Mamdani is used to defending the feasibility of his economic proposals. One city calculation put the cost of eliminating bus fare at $652 million annually. He has said that providing universal childcare up to age five would likely cost at least $5 billion annually. When talking to Mikey, Mamdani brought up the sheer size of the city’s budget—$112.4 billion this year—and argued that funding is more a reflection of political willpower than actual fiscal constraints. After all, he often points out, the NYPD spent nearly $1.1 billion on overtime last year. 

But a significant portion of the city budget is dependent on the governor and state legislature. (There’s a reason that mayors lobby state lawmakers for funding on “Tin Cup Day.”) Mamdani has proposed paying for some of the programs through raising the state’s corporate tax rate—which would certainly be met with considerable resistance in Albany—and removing property tax exemptions for institutions like Columbia and New York University.
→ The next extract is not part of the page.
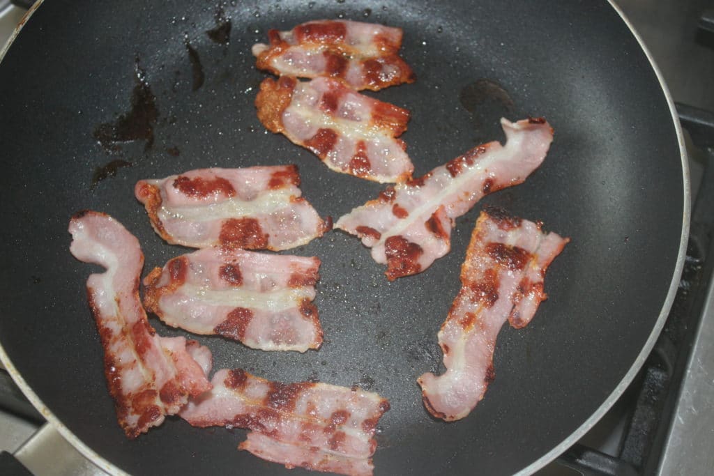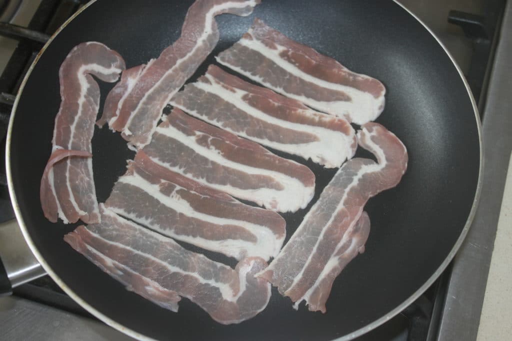 - Faites cuire les tranches de bacon à la poêle pour les faire bien dorer.

Though all the Democratic primary candidates have made affordability a core issue, Mamdani is hoping that the straightforward nature of his economic proposals will help him break through. “Voters pay attention to a TV ad or a mailer for 10 seconds—if you’re lucky,” Trip Yang, a New York City Democratic political consultant, said. “You need to get your message out there immediately.”

Mamdani has also argued that his economic policies are resonating with outer-borough voters who drifted away from Democrats, some toward Trump. In a video filmed after November’s election, Mamdani went to those parts of Queens and the Bronx with the biggest shifts and asked people why they voted for Trump or didn’t vote at all. Many pointed to rising costs and described their frustration with the Democratic party. One man said he didn’t vote “because I don’t believe in the system anymore.” 
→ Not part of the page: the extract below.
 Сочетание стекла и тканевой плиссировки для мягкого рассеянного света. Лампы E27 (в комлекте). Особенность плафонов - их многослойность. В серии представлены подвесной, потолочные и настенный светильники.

Mamdani isn’t the only one who thinks that this opens an opportunity for a candidate outside of the establishment, especially one with bold ideas. “The details of policies are not what moves most people,” Ana María Archila, co-chair of the New York Working Families Party, told me. “What moves people is a sense of direction and the perception that someone will actually fight for them.” 

A few weeks ago, I spent an afternoon talking to New Yorkers around downtown Brooklyn. Few could name any mayoral candidates besides Cuomo and Adams. When I described Mamdani’s platform, I was sometimes met with a deep skepticism bred from too many unfulfilled campaign promises. I spoke to Virginia McRae, a retiree in her late seventies, after a Sunday service at her Baptist church in Brooklyn’s Clinton Hill neighborhood. She told me that even though affordability and accessibility were priorities for her, “it doesn’t feel like anyone can address these problems.” 

Mamdani is beginning to reach some voters, though. Taahira, a consultant in her early forties, said that Mamdani had vaguely stood out during a local arts organization’s candidate forum. He seemed to care about everyday people and operate beyond the sway of “corporate dollars,” she told me. Taahira was cautiously optimistic that recent events—including the Trump administration’s crackdown on student protesters—have forced New Yorkers to “acknowledge that there must be a shift” in the political ecosystem. But could Mamdani really become the next mayor? She shrugged. “Time will tell.”